DATASET EXTRACT:
++++++++++++++++++++

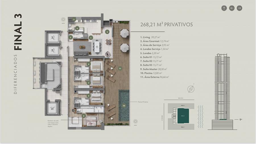 - Tipos Diferenciados: 9º andar, acima do lazer, com piscina Privativa
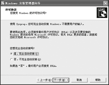 第四步 在圖2所示的窗口中可以選擇是否完全自動安裝(如圖2),一般情況下建議選擇“是,完全自動安裝”,否則用這個封裝包光盤安裝系統時候還是比較麻煩的。
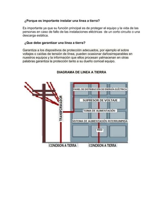 Instalar una línea a tierra es importante para proteger el equipo y la vida de las personas en caso de fallas eléctricas como cortocircuitos o descargas estáticas. Una línea a tierra garantiza dispositivos de protección adecuados contra sobrevoltajes o caídas de tensión que pueden dañar equipos e información de forma irreparable, protegiendo tanto a las personas como al equipo.

++++++++++++++++++++

Please transcribe the listing above verbatim and exclude every picture.

RESULT FOR THIS EXERCISE:
 - Tipos Diferenciados: 9º andar, acima do lazer, com piscina Privativa
 第四步 在圖2所示的窗口中可以選擇是否完全自動安裝(如圖2),一般情況下建議選擇“是,完全自動安裝”,否則用這個封裝包光盤安裝系統時候還是比較麻煩的。
 Instalar una línea a tierra es importante para proteger el equipo y la vida de las personas en caso de fallas eléctricas como cortocircuitos o descargas estáticas. Una línea a tierra garantiza dispositivos de protección adecuados contra sobrevoltajes o caídas de tensión que pueden dañar equipos e información de forma irreparable, protegiendo tanto a las personas como al equipo.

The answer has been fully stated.